Nel tritacarne dell'opinione pubblica è finito anche Alvaro Pereira, una delle tante vittime della maledizione della corsia mancina nerazzurra, ancora oggi ricordato con estrema negatività dalla tifoseria per la scarsa qualità delle prestazioni offerte in una stagione e mezza da dimenticare, nonostante un curriculum di buon livello al momento dello sbarco a Milano.

Uruguaiano di Montevideo, Pereira esordisce in uno dei club della sua città, il Miramar Misiones, prima di tentare l'avventura nella vicina Argentina con le maglie del Quilmes e, soprattutto, dell'Argentinos Jrs: è con i biancorossi di Buenos Aires che gioca la sua miglior stagione di sempre, mettendo a segno addirittura 11 reti nel 2007/2008 che gli permettono di raggiungere l'obiettivo di ogni calciatore sudamericano, ossia approdare nel più competitivo calcio europeo.

Il percorso di Pereira nel vecchio continente avviene per gradi: il primo in Romania, al Cluj, dove conquista una Coppa rumena e si fa notare con le sue progressioni in Champions League, affrontando peraltro la Roma di Luciano Spalletti durante la fase a gironi. La prima annata europea non raggiunge i fasti della precedente a livello realizzativo, ma è sufficiente per far sì che il Porto si accorga di lui.

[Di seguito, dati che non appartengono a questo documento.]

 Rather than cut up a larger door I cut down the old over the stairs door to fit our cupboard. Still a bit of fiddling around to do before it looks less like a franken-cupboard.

I Dragões sono tra i club migliori per crescere in un contesto allo stesso tempo ambizioso e bramoso di vittorie ma anche scevro da pressioni, l'ideale per chi ha tutta l'intenzione di fare un altro step verso il top a livello europeo: in Portogallo Pereira fa incetta di trofei 'domestici' ma, la ciliegina della torta, è l'entusiasmante cavalcata nell'Europa League 2010/2011 (sì, quella dei 17 goal di Radamel Falcao), conclusa con la coppa alzata al cielo di Dublino dopo aver prevalso per 1-0 nella finale tutta lusitana contro il Braga.

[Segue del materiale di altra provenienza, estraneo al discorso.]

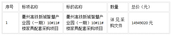 二、項(xiàng)目名稱:衢州高鐵新城智慧產(chǎn)業(yè)園(一期)10#11#樓家具配套采購項(xiàng)目

Balotelli Alvaro Pereira Italia UruguayGetty

Il 2011 è un anno d'oro per 'El Palito' che, qualche mese più tardi, vince a sorpresa anche la Copa America disputata in Argentina con il suo Uruguay, segnando 2 dei 3 goal della Celeste nella fase a gironi. Pereira ha tutti ai suoi piedi e soltanto in un modo potrebbe andare meglio: con la chiamata di una società ancora più prestigiosa, magari l'Inter, dove fino a qualche anno prima ha giocato un esponente sacro della 'Garra Charrua', Alvaro Recoba.

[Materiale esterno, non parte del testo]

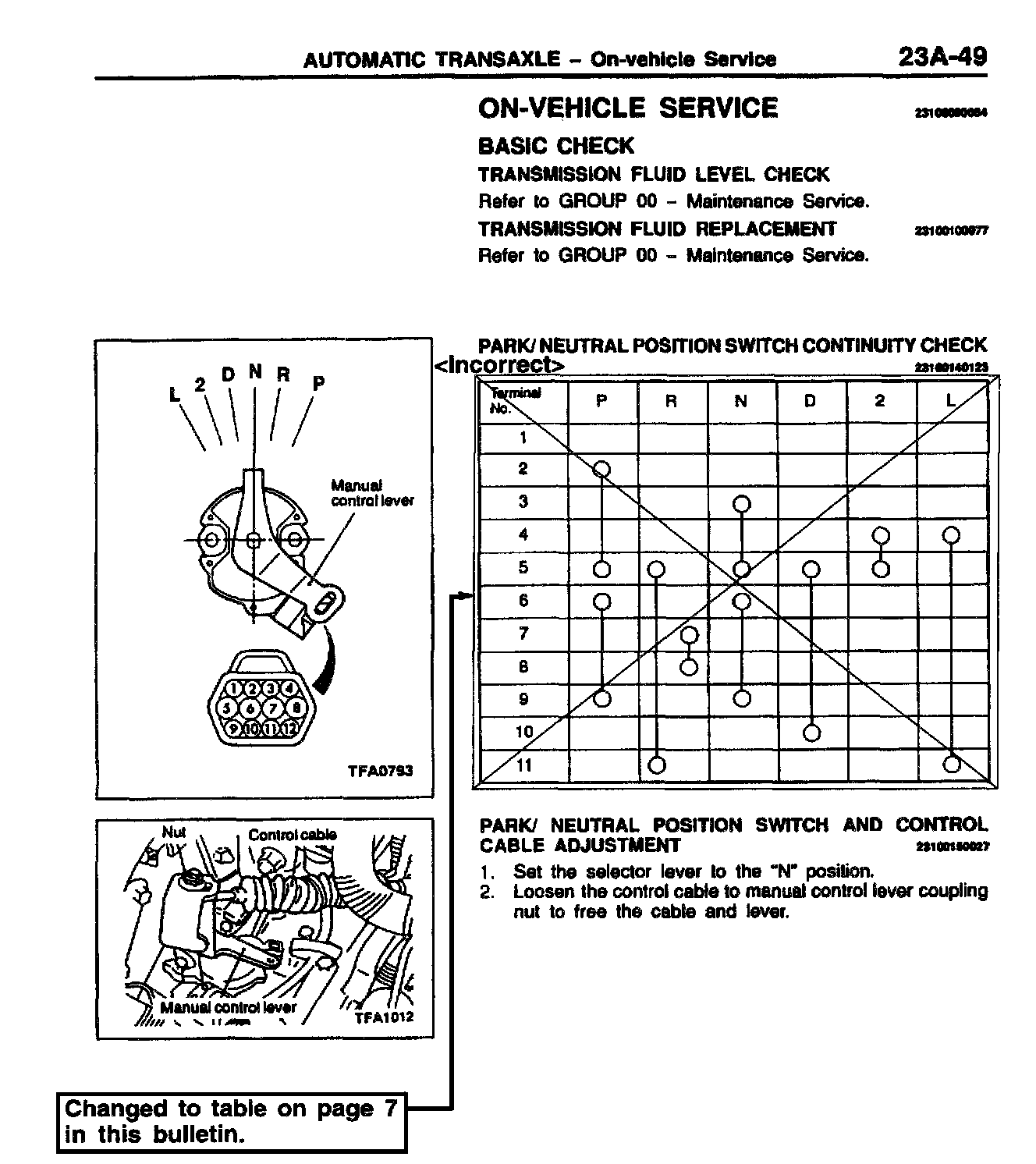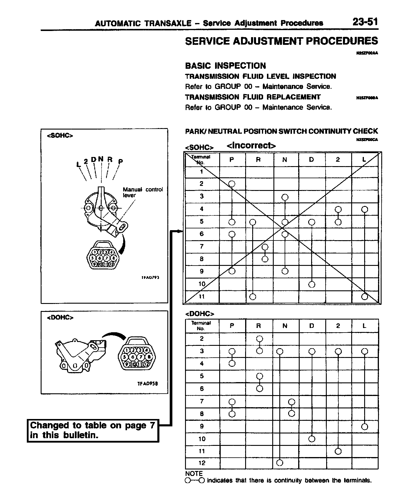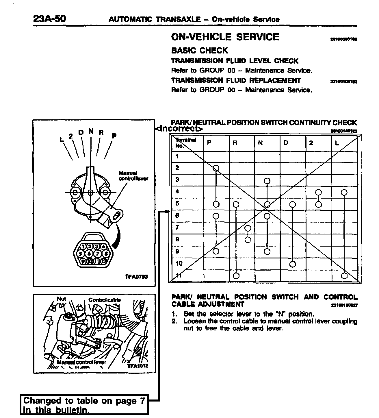 PARK/NEUTRAL POSITION SWITCH CONTINUITY CHECK - SERVICE MANUAL REVISION

La 'Beneamata', storicamente squadra zeppa di sudamericani, è il top per un calciatore latino, l'habitat ideale per sostenere il peso nostalgico della propria patria a suon di Mate, famosa bevanda uruguaiana che dalle parti di Appiano Gentile è più bevuta della Coca Cola. Nell'estate 2012 comincia a muoversi qualcosa in tal senso: l'interesse dell'Inter è reale, ma lo è anche quello del Napoli, con cui va in scena un duello di mercato risolto soltanto negli ultimi giorni di agosto.

A certificare l'insidia partenopea per i meneghini è anche lo storico ex ct uruguaiano Oscar Washington Tabarez, che in una conferenza stampa da Le Havre rivela un'indiscrezione di mercato niente male.

"Un giornalista brasiliano mi ha confidato che Alvaro Pereira si trasferirà in prestito al Napoli. Spero che questa voce sarà confermata perché si tratterebbe di un passaggio importante per la carriera del giocatore, in un club che gioca un ottimo calcio che potrebbe giovargli".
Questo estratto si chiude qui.